— Dataset extract —
----------

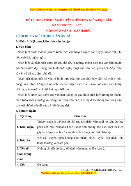 Đề cương ôn tập giữa kì 1 Ngữ văn 8 Cánh diều
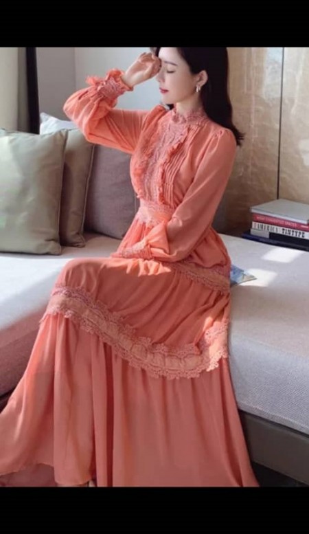 Robe de soirée longue en mousseline de soie pour femmes.
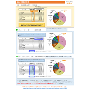 自分のお店の売上を入力して現状把握をしたり、各コストの比率を変更して理想的なコスト構造をシミュレーションしてみましょう!

----------

— Task description —
Every line from the one containing "Robe de soirée" to the last line of the material must be returned exactly. Leave out any pictures.

— Answer for the task —
 Robe de soirée longue en mousseline de soie pour femmes.
 自分のお店の売上を入力して現状把握をしたり、各コストの比率を変更して理想的なコスト構造をシミュレーションしてみましょう!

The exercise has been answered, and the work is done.